A good strategist delays confrontation until the last possible moment and leaves his opponent facing a dilemma, trying to guess intentions and aims until they are hit with a decisive blow. This is true in war and in diplomacy, and this is why statesmen usually hide their intentions. Every decision locks them in "corrals" and makes it easier for rivals to concentrate political power against them. This is why prime ministers prefer to watch ministers and the public waste their time trying to understand what it is they want.

Benjamin Netanyahu is no different than his predecessors; he delays decisions on the two central issues on his table: countering the Iranian threat and the future of the West Bank. Meanwhile, everyone is busily engaged in empty dialogue about his intentions and motives. Will he free himself from the shadow of his father and the pressures of his spouse? Is he afraid of Barack Obama and Avigdor Lieberman? Does he admire his former commander, Ehud Barak? Or, precisely the opposite, is he maneuvering the Americans and the forum of seven ministers according to his wishes?

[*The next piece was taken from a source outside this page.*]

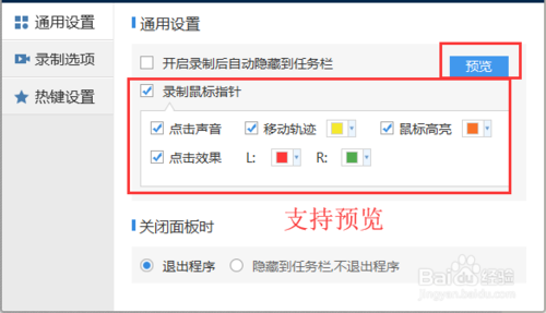 點擊更多設(shè)置可以進入另一個頁面,這個頁面也包含許多功能參數(shù),其中一個錄制鼠標指針的功能有多種選擇還可以支持預(yù)覽。

At the start of his tenure, Netanyahu exhibited a direct and unsophisticated approach vis-a-vis the Palestinians. He stopped the Annapolis process and spoke about "economic peace." This allowed his rival, Mahmoud Abbas, to corner him as a rejectionist and frighten him with the delegitimization of Israel through the Goldstone Report and the international boycott movement. In order to extricate himself, Netanyahu had to pay by accepting the two-state solution, freezing settlements and limiting construction in East Jerusalem, as well as by cooperating with the United Nations following the flotilla incident.

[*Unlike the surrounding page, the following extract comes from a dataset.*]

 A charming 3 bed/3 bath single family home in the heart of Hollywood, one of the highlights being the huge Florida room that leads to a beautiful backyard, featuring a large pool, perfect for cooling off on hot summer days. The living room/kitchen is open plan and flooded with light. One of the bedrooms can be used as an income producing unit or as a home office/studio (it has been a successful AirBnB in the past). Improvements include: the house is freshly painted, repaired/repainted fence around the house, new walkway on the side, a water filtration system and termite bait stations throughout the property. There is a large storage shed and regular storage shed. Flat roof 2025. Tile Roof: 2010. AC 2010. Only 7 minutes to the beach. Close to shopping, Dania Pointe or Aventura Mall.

Over the summer, the situation turned. The prime minister emerged from the corral, brought about the resumption of direct talks with the Palestinians and managed to cause uncertainty as to his intentions - all without conceding anything. His peace speeches in Washington, in which he referred to the "West Bank" - sacrilege of the Likud heritage - led the following question to resurface: What does Netanyahu want? A blame game with Abbas, American approval for an assault on Iran, or to be done with the occupation and the settlements?

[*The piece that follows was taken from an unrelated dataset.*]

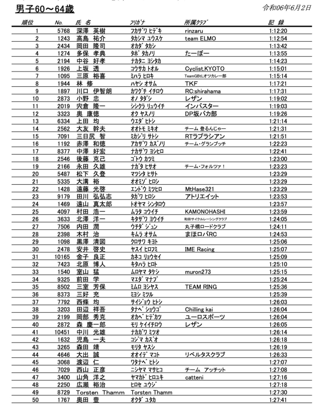 第20回Mt.富士ヒルクライムの正式リザルトが掲載されていました。男子60〜64歳 1:22:23(16位/342名)。

As far as the prime minister is concerned, this is an ideal situation. His rivals at home and abroad are finding it difficult to decipher him and prepare accordingly. If he now manages to get through the issue of the settlement freeze, Netanyahu will enjoy freedom of action as relates to the Palestinians, until the deadline that was set for the negotiations.

But compared to the sophistication he has displayed on the Palestinian front, Netanyahu was caught by strategic inferiority vis-a-vis Iran. His declaration that an Iranian bomb would be a "second holocaust," an intolerable existential threat to Israel, convinced the world of his determination to attack Iran, which led to a detailed media discussion of a potential operation. This transparency enabled the Iranians to build up a military and diplomatic machine to counter this possibility, to threaten to destroy Tel Aviv if it is attacked and to present itself as a future victim to Israeli thuggery.

Under such circumstances, precisely when everyone expects an Israeli air armada over Natanz, Netanyahu must not attack. Following an anticipated path is a recipe for strategic disaster, as Liddell Hart warned.

Netanyahu must take advantage of the time-out expected in the Palestinian track to formulate a more sophisticated strategy regarding Iran, one that would leverage its weaknesses and neutralize its ability to harm Israel. The Iranians are cunning and careful, but they too have weak spots - just like Nasser and Saddam Hussein, who preceded them in challenging Israel's strategic supremacy in the region, and were defeated.

Instead of rushing toward a frontal confrontation, Israel needs an indirect approach. Finding it will be Netanyahu's essential task, the minute he manages to extricate himself from the chatter over the settlement freeze.